Furthermore, in his appeal brief, appellant’s counsel does not raise this question of double jeopardy, confining himself as he does, to the discussion of the evidence in the record, contending that the guilt of the appellant has not been proven beyond reasonable doubt. One aspect of this case as regards double jeopardy is that said defense may be waived, and that failure to urge it in the appeal may be regarded as a waiver of said defense of double jeopardy.
“While the rule is not inflexible, and its application lies within the discretion of the court, except in cases where the error assigned is fundamental, or is so plain that it reveals itself by a casual inspection of the record, or unless the point is expressly reserved by the report of the lower court for the appellate court’s consideration, questions assigned as error are generally considered to be waived by implication where they are not urged or brought forward on appeal. * * *
“Subject to the exceptions stated in the preceding section, questions assigned as error by an appellant are generally deemed to have been abandoned or waived where they are not urged or discussed on appeal.-” (5 C. J. 1218-19).

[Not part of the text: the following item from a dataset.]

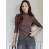 Осенне-зимняя женская однотонная рубашка с полувысоким воротником, двухсторонней шлифовкой, теплая базовая рубашка с высокой эластичной подкладкой и облегающим внешним видом, универсальная базовая рубашка

In truth, counsel for the appellant may not be blamed for failing or declining to raise said question of double jeopardy, knowing as he did that it had already been formally and conclusively determined and adversely decided by this Tribunal in a decision long final and conclusive.
In view of the foregoing, and with the modifications above-stated, the decision of the trial court is hereby affirmed. With costs.
Appellant will be credited with any preventive imprisonment already served.
Bengzon, Bautista Angelo, Labrador, Concepcion, Reyes, J.B.L., and Endencia, JJ., concur.